The total number of compounds grew by 13%, from 12 362 (version 19.1) to 14 003 (version 21.1). 9442 of these compounds participate in reactions, and 13 725 have structures. Most MetaCyc compounds also contain standard Gibbs free energy of formation (ΔfG′°) values, most of which are computed by Pathway Tools using an algorithm developed internally that is based on techniques by Jankowski et al. (11) and Alberty (12). As of August 2017, a total of 13 760 compounds include these Gibbs free energy values.

Reactions

The total number of enzymatic reactions grew by 13%, from 12 701 (version 19.1) to 14 347 (version 21.1). The number of total reactions (including non-enzymatic) is 15 691. MetaCyc uses a reaction-balance-checking algorithm that checks not only for elemental composition but also for electric charge. Unlike many reaction resources available online, the vast majority of MetaCyc reactions are completely balanced, taking into account the protonation state of the compounds (which is the state most prevalent at pH 7.3). As of August 2017, MetaCyc contains 14 302 balanced reactions. The remaining 1389 reactions cannot be balanced due to assorted reasons (for example, a reaction may describe a polymeric process, such as the hydrolysis of a polymer of an undefined length, may involve an ‘n’ coefficient, or may involve a substrate that lacks a defined structure, such as ‘an aldose’).

MetaCyc reactions also contain standard change in Gibbs free energy (ΔrG′°) values that are computed based on the ΔfG′° values computed for compounds. As of August 2017, a total of 13 877 reactions include these Gibbs free energy values.

Linking to other databases

Objects in MetaCyc are extensively linked to other leading databases in the field. MetaCyc proteins have a total of 17 669 links to a number of protein databases that include (only databases with more than 1000 links are listed) InterPro; PDB; Pfam; UniProt; Protein Model Portal; PROSITE; SMR; PRIDE; PID; PANTHER; PRINTS; MODBASE; SMART; RefSeq; EcoliWiki; PortEco; DIP; MINT; ProDB; SwissModel; PhylomeDB; PhosphoSite; and CAZy. MetaCyc genes have a total of 11 860 links to NCBI-Entrez; NCBI-Gene; STRING; RegulonDB; EcoGene; EchoBase; ASAP; OU Microarray; RefSeq; MIM; CGSC; and ArrayExpress. MetaCyc compounds have a total of 14 209 links to PubChem; ChEBI; KEGG; ChemSpider; HMDB; MetaboLights; RefMet and CAS. MetaCyc reactions have a total of 15 779 links to UniProt, Rhea and KEGG.

Enzyme Commission numbers

Curation of MetaCyc is conducted in close collaboration with the Enzyme Commission (EC) (13). During the curation process, MetaCyc curators come across thousands of enzymes that have not yet been classified by the EC. In addition, curation exposes errors in older existing EC entries. While curating MetaCyc content, curators prepare and submit new and revised entries to the EC, leading to the creation of hundreds of new and modified EC entries over the past two years. Many enzymes that have not been classified in the EC system are assigned ‘M-numbers’ in MetaCyc (see Figure Figure1),1), which are temporary numbers that indicate a well-characterized enzymatic activity that has not yet been classified by the EC (14). Our intention is to have as many M-numbers as possible eventually replaced by official EC numbers.

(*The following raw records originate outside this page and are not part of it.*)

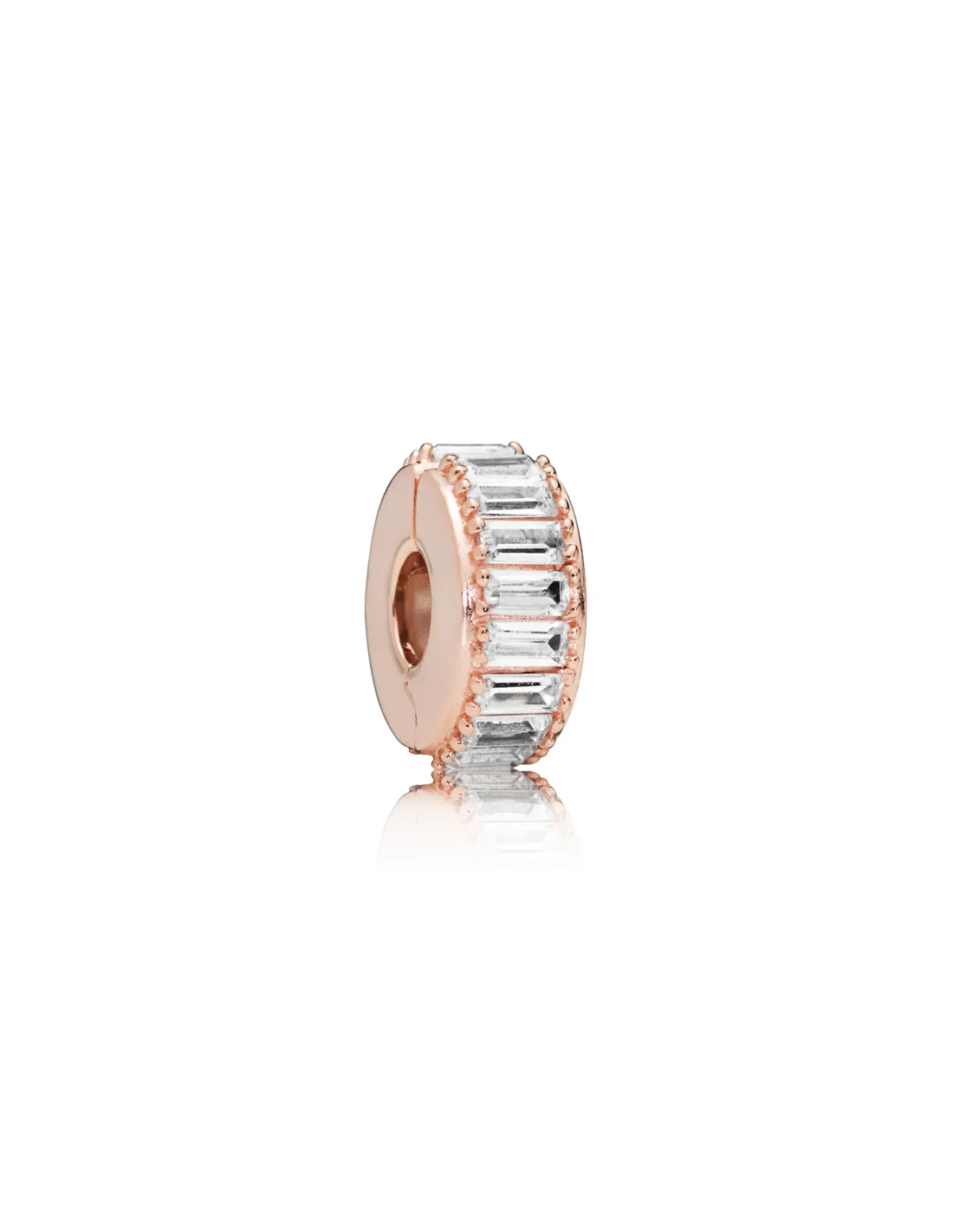PANDORA | 14 karat rosa forgyldt klemmeled med klar cubic zirconia og silikone greb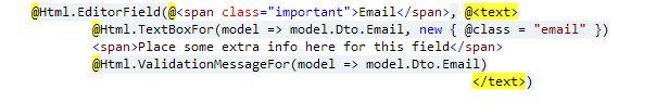 @Html.EditorField(@<span class="important">Email</span>, @<text>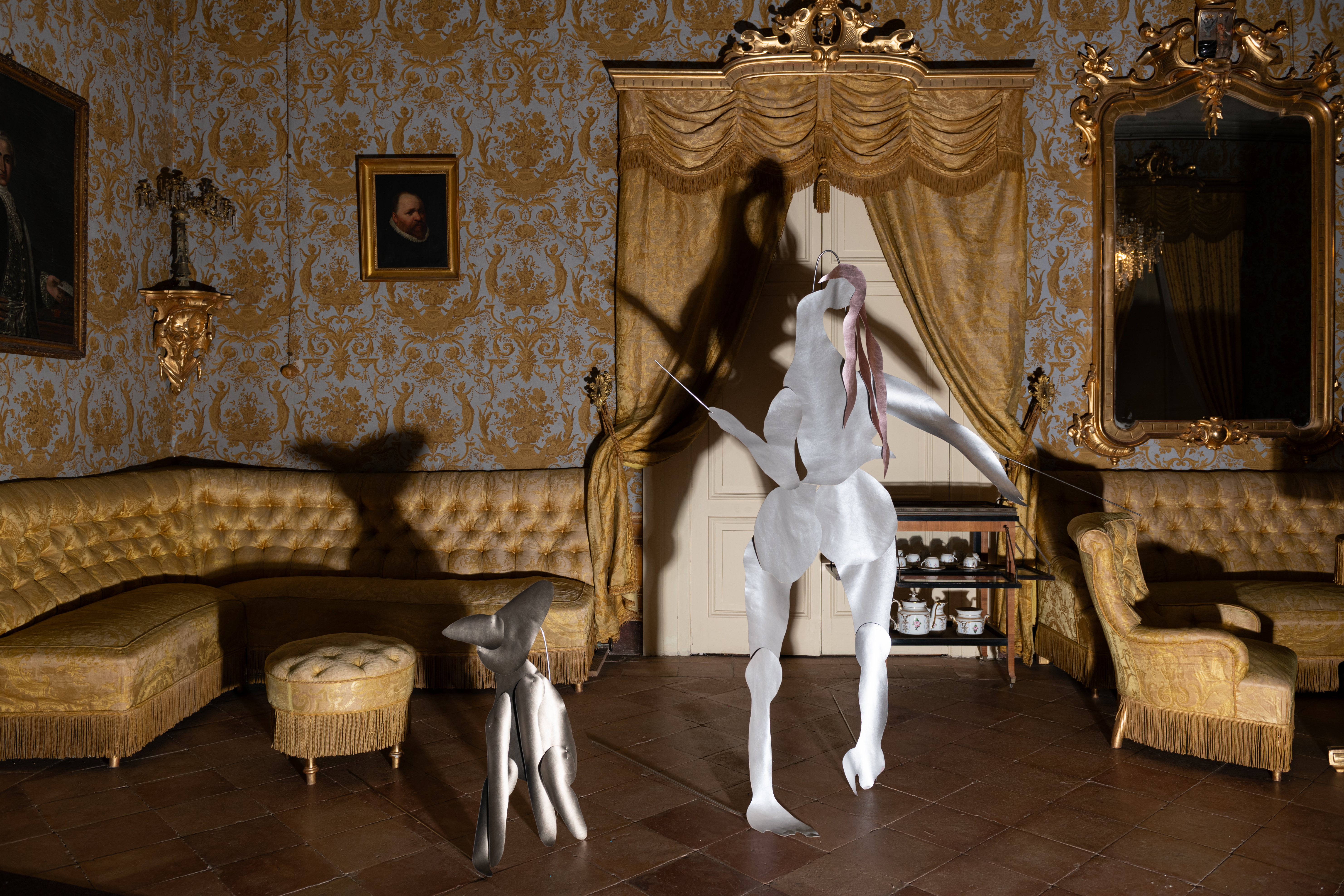 A spin-off of How To Become a Character Rather Than a Delusion—a series of works made of eco-leather silhouettes fixed to the wall that reinterpret scandalous, perverse, and vicious figures from medieval frescoes—Valentina has detached herself from the wall to inhabit three-dimensional space. Her decision has generated an imbalance that wavers, a fragile oscillation. Now, as she struggles to remain upright, micro-movements can be glimpsed that imitate the imperceptible variations of a breathing body. Like a ghostly presence absorbed in its transition, poised between the desire to remain nailed to the wall and the urge to stand autonomously in space, Valentina bears witness to the precariousness, the difficulty, and the pain of inhabiting a dominant narrative and a shared space in which she cannot recognize herself. She feels off-balance, unstable, disharmonic, crumpled, disordered. Like a premonition, watching her, a coyote: an archetype of the trickster, a liminal figure who, while creating disorder, is a wild ferryman of change capable of unsettling the established order of things.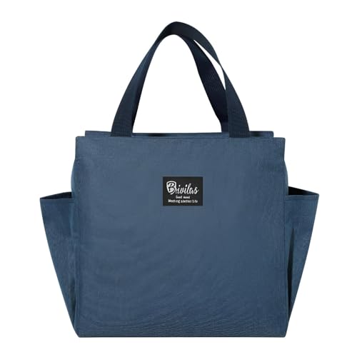Generic - حل تخزين الغداء - حقيبة نسائية من القماش السميك المعزول قابلة لاعادة الاستخدام للمدرسة والنزهات والعمل والاستخدام الخارجي والحفاظ على الطعام طازجًا وأنيقًا (كحلي)

An external file that holds a picture, illustration, etc.
Object name is gkx935fig1.jpg

A typical MetaCyc pathway. A short pathway was selected for this figure; the average number of metabolites in a MetaCyc pathway is 12.8, with the largest pathway containing 204 metabolites. The enzymes in this pathway have not yet been classified by the Enzyme Commission and were assigned M-numbers (see text). The green captions are links to the upstream pathways that produce the inputs for this pathway.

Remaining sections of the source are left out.